Hook0 is GDPR compliant with data hosted in Europe (EU). Hook0 does not hold its own SOC 2 certification — it relies on Clever Cloud's SOC 2 / ISO 27001 certifications. The on-premise option addresses data sovereignty for organizations that need complete control over where their data resides.
If your organization requires vendor-level SOC 2 Type II certification for procurement, Hookdeck meets that directly. Hook0's reliance on infrastructure provider certifications may create friction in enterprise procurement processes. For data residency, Outpost covers three regions (US, EU, Asia) while Hook0's managed service is EU-only — though their on-premise option bypasses managed hosting constraints entirely.
Uptime SLAs
Hookdeck Outpost offers a 99.999% uptime SLA across all paid plans.
Hook0 offers a 99.9% uptime SLA.
That's a significant difference: 99.999% allows roughly 5 minutes of downtime per year, while 99.9% allows roughly 8.7 hours. For webhook delivery infrastructure that your customers depend on, the reliability gap matters.

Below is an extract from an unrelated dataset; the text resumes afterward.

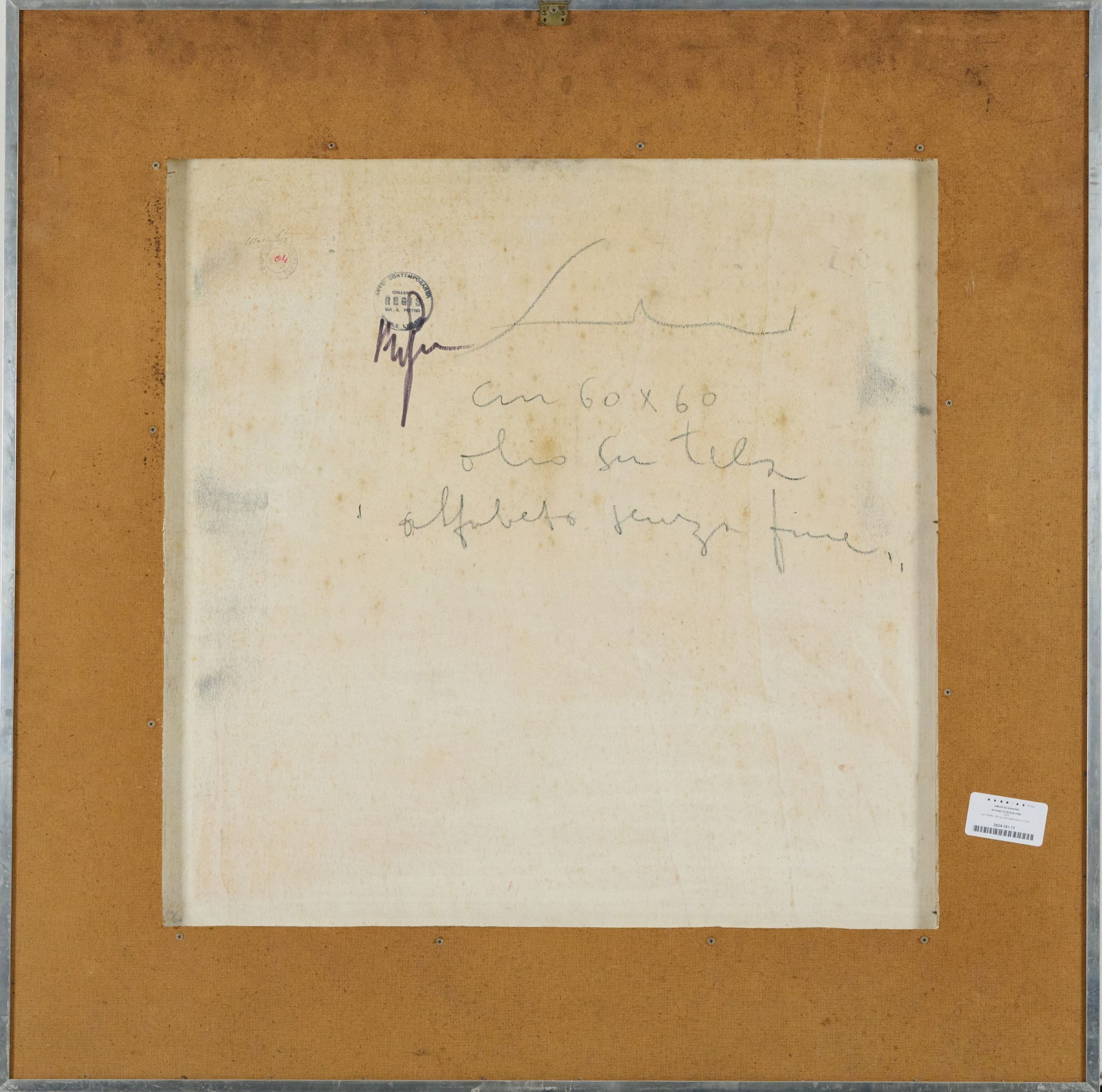 1974 Firmato in basso a destra. Sul verso: firma e titolo. Timbro 'Galleria Regis Arte Contemporanea', Finale Ligure.

When to choose Hookdeck Outpost
Outpost is the stronger choice when your customers need events delivered to destinations beyond HTTP webhooks (SQS, Pub/Sub, RabbitMQ, S3, etc.), when cost efficiency at scale matters ($10/million vs ~€65/million), when you need OpenTelemetry observability without an Enterprise contract, when you want full open-source parity for self-hosted deployment, when you need to build a custom portal UI, when multi-region data residency is required, or when a 99.999% uptime SLA is important.
When to choose Hook0
Hook0 may be the right choice if you need dedicated on-premise deployment with infrastructure entirely within your own data center, if EU-only data hosting meets your requirements and you want the simplest possible setup, if your team already uses Sentry and wants webhook health monitoring integrated into your existing error tracking, or if you're building a small-scale webhook implementation and Hook0's free tier (1 developer, 1 application) is sufficient to get started.
Conclusion
Hookdeck Outpost and Hook0 both solve the problem of sending webhooks reliably. The difference is in scope and cost. Outpost delivers the essentials (native multi-destination support, OpenTelemetry on every tier, a white-label portal with custom UI API, full open-source parity, uncapped rate limits, and multi-region hosting) at 5-7x lower cost per event. Hook0 offers a simpler getting-started experience with an on-premise deployment option and Sentry integration, but delivers to HTTPS only, has a 99.9% SLA, and prices by daily event caps.
For teams that need reliable event delivery to diverse destinations with enterprise-grade observability and compliance, Outpost is the more cost-effective and capable choice. For teams with a straightforward HTTPS-only webhook use case and a hard requirement for on-premise deployment, Hook0 is worth evaluating.